Samstag, 18. Oktober 2008

Das Unheil der Romantik

Ein Pamphlet gegen übersteigerte Sexualerwartungen

Neulich kam es zu Koalitionsverhandlungen in meinem zum Wirten outgesourcten Wohnzimmer:

„Warum ist das mit uns nichts worden?“
„Weilst völlig unromantisch bist.“
„I bin ned unromantisch! Bist deppert!?“

Nach einem kurzen Schnapp nach Luft brach ein homerisches Gelächter aus beider Kehlen hervor. Zwar blieb ich an jenem Abend in Opposition. Seither aber fühle ich das Sterben meiner Sucht nach Romantik.

Ich bitte von Blumenspenden abzusehen. Gute Gründe gibt es nämlich, das Ende der allgemein-amourösen Verklärung zu begrüßen. Nicht weil Biedermeier oder Realismus so viel besser wären. Ein bisschen schade, aber wahr: Bestürmte und drängte heute einer die Dame seines Herzens so wie einst Werther, würde sie ihn wegen Stalkings anzeigen.

Ich spreche vom Segen gesenkter Liebeserwartungen. Wir sind alle Opfer der Romantik-Pest, mit der uns der als Traumfabrik getarnte amerikanische Kulturimperialismus infiziert hat. Genormte Vorschriftskörper wandeln durch die Schmonzetten, sind ein wenig einsam, leiden ein wenig, dann wird geküsst, Musik erklingt und vor dem ersten Zwist über das Stehpinkeln ist der kitschige Spuk schon wieder vorüber.

Gerade junge Menschen mit weiblichen Geschlechtsteilen sind leichte Beute des Kitsches. Mit fatalen Folgen für die Geburtenraten. Sie verweigern die Reproduktion, weil im echten Leben dabei keine Musik erklingt und dem anderen der Bierbauch über den Gürtel wallt. Deswegen kann es nur heißen: Entweder stirbt die Romantik oder wir!

Liebesmails, die mich vom Gegenteil überzeugen mögen, an:
meindldominika@yahoo.de

Samstag, 4. Oktober 2008

Sinnkrisen im Saustall

Beleidigte Fluchten ins Proletariat sind auch keine Lösung

„Was machst du gerade?“
„Abkratzen.“
„So schlimm?“
„Nein, Tapeten! Du, ich kann nicht lange reden, ich muss nachher den Saustall ausräumen.“

So ging ein jüngst selbst belauschtes Telefonat zwischen einem Hobbydichter und einer Berufstexterin. Letztere imaginieren Sie sich bitte in einem nagelneuen Blaumann steckend, der eher eine Scheinschwangerschaft vermittelt als eine professionelle Arbeitseinstellung.
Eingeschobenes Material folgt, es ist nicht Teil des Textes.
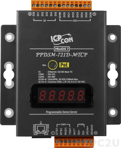 Programmable Device Server with PoE, Modbus Gateway, 1 RS-232 port, 1 RS-485 port and an LED Display with Metal Case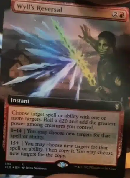 Another returning mechanic, this time one from Adventures in the Forgotten Realms, is Dice Rolling. This is a mechanic that is pretty synonymous with D&D, and so it only makes sense that it makes a return here. We have a couple of cards in the lot of leaks, and they’re pretty cool looking.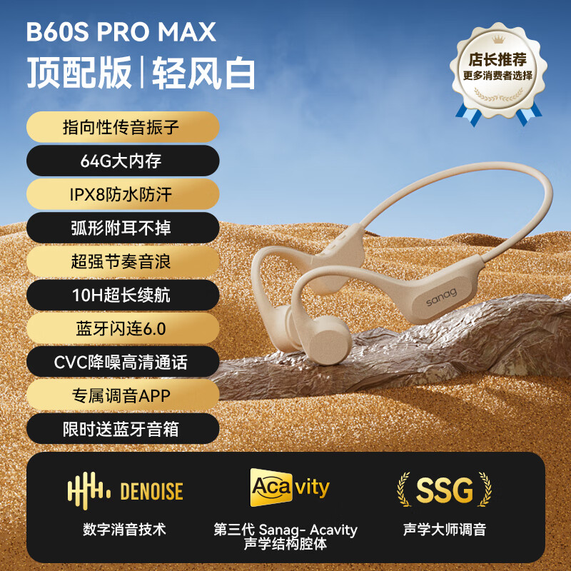 SANAG塞那【央视甄选|QQ音乐认证】B60骨传导蓝牙耳机 开放式运动耳机跑步骑行不入耳游泳耳机 高端礼物价格:459.00元!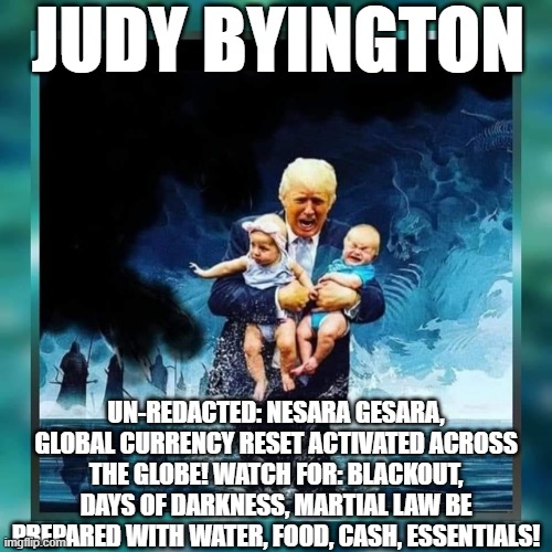 Judy Byington: Un-Redacted: Nesara Gesara, Global Currency Reset Activated Across the Globe! Watch For: Blackout, Days of Darkness, Martial Law Be Prepared With Water, Food, Cash, Essentials! (Video)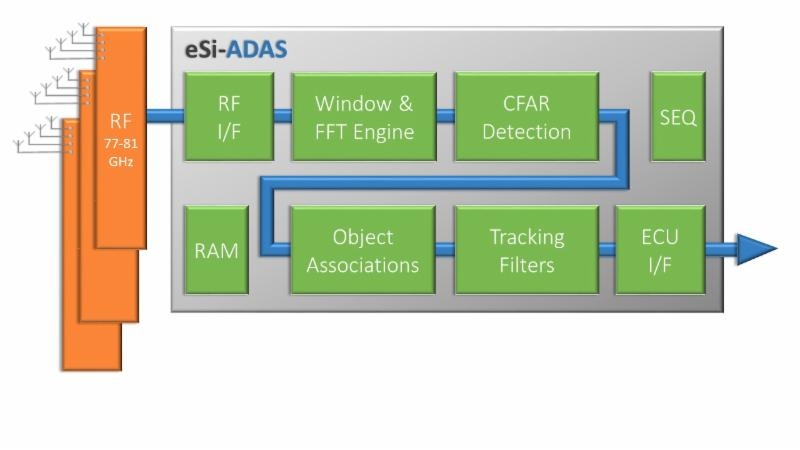 EnSilica présente un coprocesseur dédié au traitement des informations issues d’un radar/lidar automobile pour véhicules autonomes et semi-autonomes. Ce eSi-ADAS Radar Imaging Co-processor traite les données avec une latence inférieure à 20ms. Il supporte jusqu’à 256 antennes virtuelles avec une conversion analogique-numérique délivrant 100Méch./s de données brutes. Des moteurs matériels accélèrent le traitement d’algorithmes récurrents (Fourier, Doppler, filtrage Kalman…).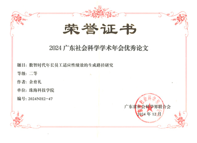 2024年,余育礼副教授撰写的学术论文《数智时代年长员工适应性绩效的生成路径研究》获评为2024年广东社会科学学术年会优秀论二等奖;同年,陈爱珍老师撰写的调研报告《珠海市产业工人队伍建设调研报告》荣获第五届珠海市哲学社会科学优秀成果奖(政府奖)二等奖。

Couture aus dem Lagerhaus? Nicht nur modisch muss ich hier die Peitsche des Tadels schnalzen lassen. Sie klatscht all jenen Intellektuellen auf den breitgesessenen Hintern, die es nicht gebacken kriegen, dass ihr berufliches Wirken die Welt um keinen Deut verbessert hat. „Ich schreib’ mir die Finger wund, und das Volk verwählt sich schon wieder!“ heulen sie.

Beleidigt suchen sie Trost und Sinn in ehrlicher Hände Arbeit. Ihre Hände sind aber nicht ehrlich. Sie missbrauchen die physische Arbeit. Wenn sie wehrlose Mostbirnbäume umhacken und Bauernhöfe dekonstruieren, dann ist das nichts anderes als Angeberei. Der Eifer gerinnt zur Pose, der Fleiß zur Anbiederung an das zuvor geschmähte Proletariat.

Liebe Gscheitln und Stadtmäuse, lasst euch nicht vom Saustall im eigenen Leben in einen realen Schweinekoben führen. Zieht den Blaumann wieder aus. Schon Brecht machte sich mit seinen maßgeschneiderten Arbeiterkleidern lächerlich, das müsst ihr nicht wiederholen. Geht zurück zu euren Computern und schreibt dem Volk Kolumnen, in denen ihr es in klaren Worten für sein Wahlverhalten schimpft und tadelt.